Exercise requirements ▸ Copy out the data below as written; omit any images.

Collected material ▸

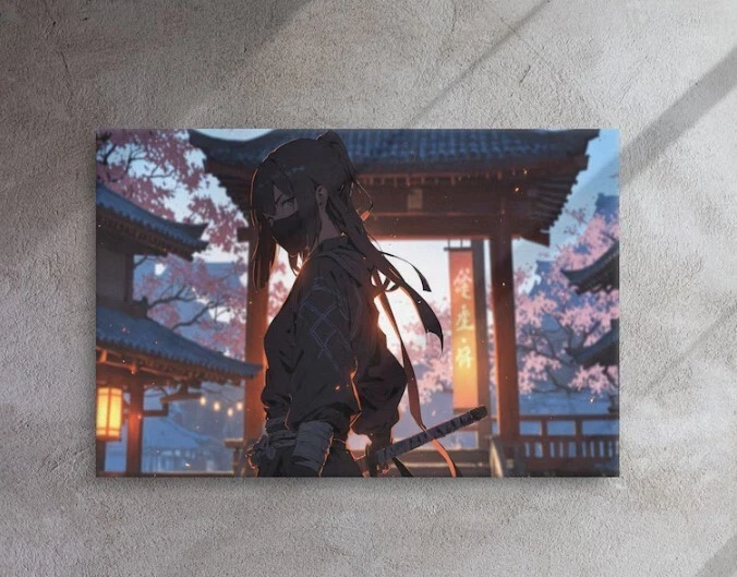 Graceful Ninja Assassin - Moonlit Rooftop in Japanese Village with Cherry
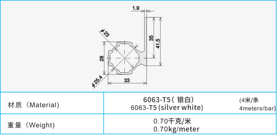 線棒材質(zhì):6063-T5(銀白)(4米/條)
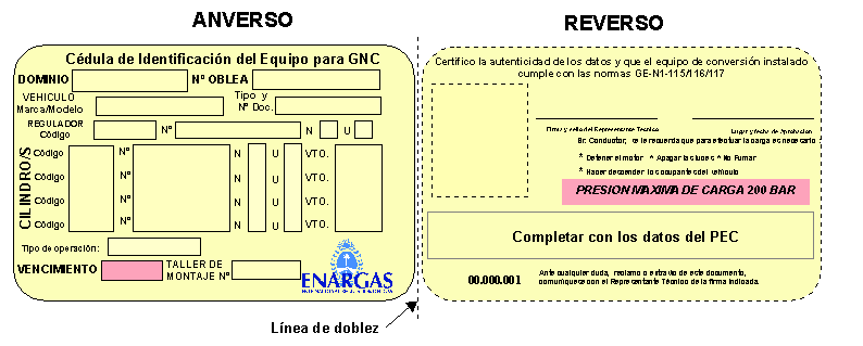 - Color: El fondo será de color amarillo; letras negras; y resaltado en rojo el espacio para "Vencimiento" y el fondo de "PRESION MAXIMA DE CARGA 200 BAR". - La cédula contará con elementos de seguridad para evitar fraudes o uso indebido. - El PEC deberá completar la información en cada uno de los campos, no admitiéndose tachaduras o enmiendas. - A los efectos de la posterior utilización del campo recuadrado con líneas punteadas, las tarjetas que sean completadas durante el año 2003, el PEC deberá resguardarlas dentro de un sobre plástico transparente para evitar su desgaste, y a partir de 2004 las suministrará plastificadas. - El modelo es el que se indica a continuación y será proporcionada a los PEC por el ENARGAS.
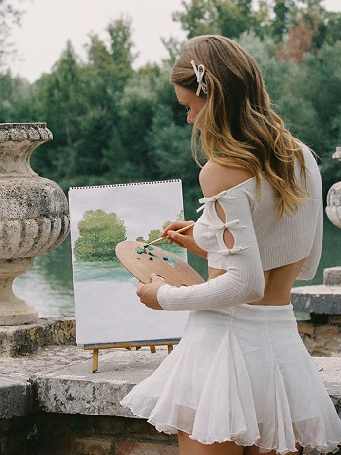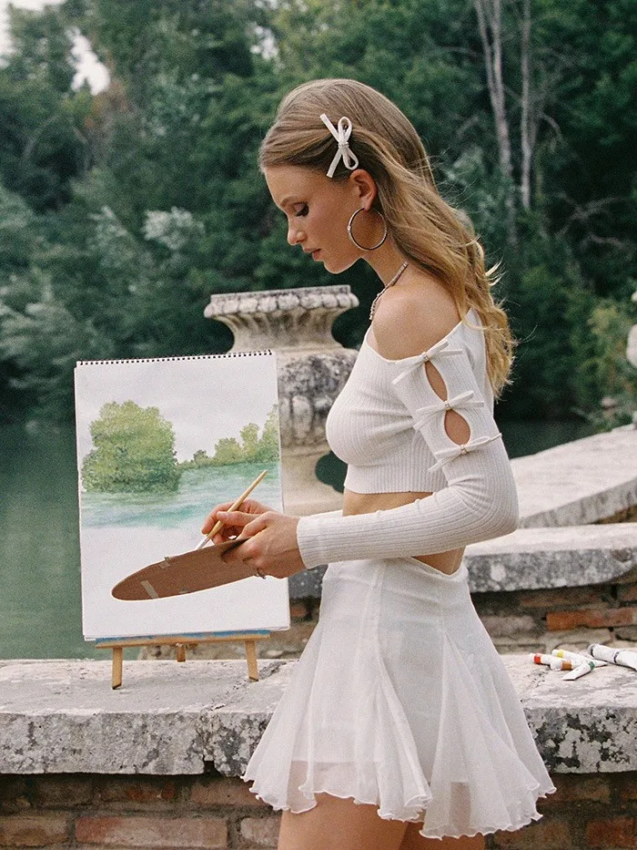 Newest Women's Sexy Outdoor Running Fitness Wear Long Sleeve Tops and Mesh Skirts Two Pieces White Yoga Sets

Task result ▸
 Graceful Ninja Assassin - Moonlit Rooftop in Japanese Village with Cherry
 線棒材質(zhì):6063-T5(銀白)(4米/條)
 - Color: El fondo será de color amarillo; letras negras; y resaltado en rojo el espacio para "Vencimiento" y el fondo de "PRESION MAXIMA DE CARGA 200 BAR". - La cédula contará con elementos de seguridad para evitar fraudes o uso indebido. - El PEC deberá completar la información en cada uno de los campos, no admitiéndose tachaduras o enmiendas. - A los efectos de la posterior utilización del campo recuadrado con líneas punteadas, las tarjetas que sean completadas durante el año 2003, el PEC deberá resguardarlas dentro de un sobre plástico transparente para evitar su desgaste, y a partir de 2004 las suministrará plastificadas. - El modelo es el que se indica a continuación y será proporcionada a los PEC por el ENARGAS.
 Newest Women's Sexy Outdoor Running Fitness Wear Long Sleeve Tops and Mesh Skirts Two Pieces White Yoga Sets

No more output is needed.